On CNN’s Inside Politics Sunday morning, anchor John King delivered the corporate media narrative that President-elect Donald Trump needs in order to control the damage from his slanderous and racially-coded attacks on civil rights icon Rep. John Lewis (D-GA).
King took pains to point out that “Lewis went first” when Lewis said during an interview that he did not see Trump’s presidency as legitimate. King asserted that, although Lewis is a civil rights icon, “this was him being a politician,” and appallingly sought to place blame for Trump’s remarks on Lewis.
Then, while others in the media have absurdly equated Lewis’ remarks with Trump’s birther campaign, King actually took the leap that Lewis’ comments were worse because he is a member of Congress, while Trump was a “private citizen” when he attacked Obama:
The question is, now we know others are following suit to skip — I’ll use the word boycott, they can use whatever word they want — the inauguration. Will others join suit with the “illegitimate,” we’ll watch. And some Democrats privately say “Too bad, Donald Trump, this is payback. You did this to Barack Obama.”
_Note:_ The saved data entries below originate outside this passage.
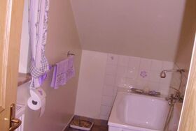 Dusche und WC zur alleinigen Nutzung dieses Zimmer am Flur. Außerdem steht meinen Gästen ein Aufenthaltsraum mit Kühlschrank, Mikrowelle, Geschirrspüler und Herdplatte zur Verfügung.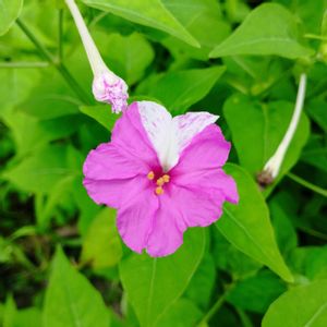 オシロイバナ 寒くなり、段々数が少なくなりました 花色も薄い物が多くなり、ある意味三色に見えたりして〜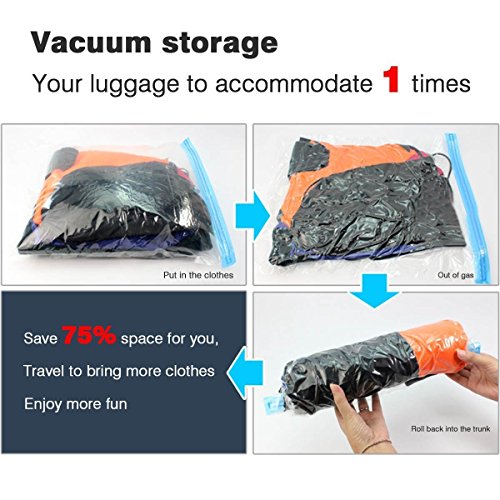 RISPARMIA SPAZIO IN MODO EFFICIENTE: Facili da arrotolare, piega a metà o stendi i tuoi vestiti nei sacchetti, i sacchetti salva spazio ti fanno risparmiare fino al 75% di spazio nell'armadio o in valigia.

But this is a member of Congress. Donald Trump was a private citizen when he did that. We can call it reprehensible, the birther movement thing was reprehensible, but he was a private citizen. And to have a leading member of Congress do it sends a very different signal. We’ll see.
First of all, what Trump and Lewis did are not remotely the same. Trump’s was a racist campaign based on lies that Trump continued to tell until the end. Lewis’ remarks are well-reasoned and based on intelligence assessments that are not disputed by anyone but Trump and his surrogates and supporters. That fact alone renders King’s premise moot.
But the idea that Lewis’ stand is somehow worse because he is a member of Congress is ludicrous. Trump waged his years-long campaign as a potential 2012 presidential candidate who shot to the top of the polls when he began it, peddling his lies with an unparalleled media platform that King himself once rationalized by saying, “Our job is not to cover just things that we know to be true.”
If anything, Trump’s birther campaign only increases Lewis’ standing to question his legitimacy, not as retribution, but as moral context. No one should expect an icon of the civil rights movement to simply stand by and watch unprecedented intrusions into our elections hand victory to an overt bigot who represents so much of what Lewis has fought against his entire life.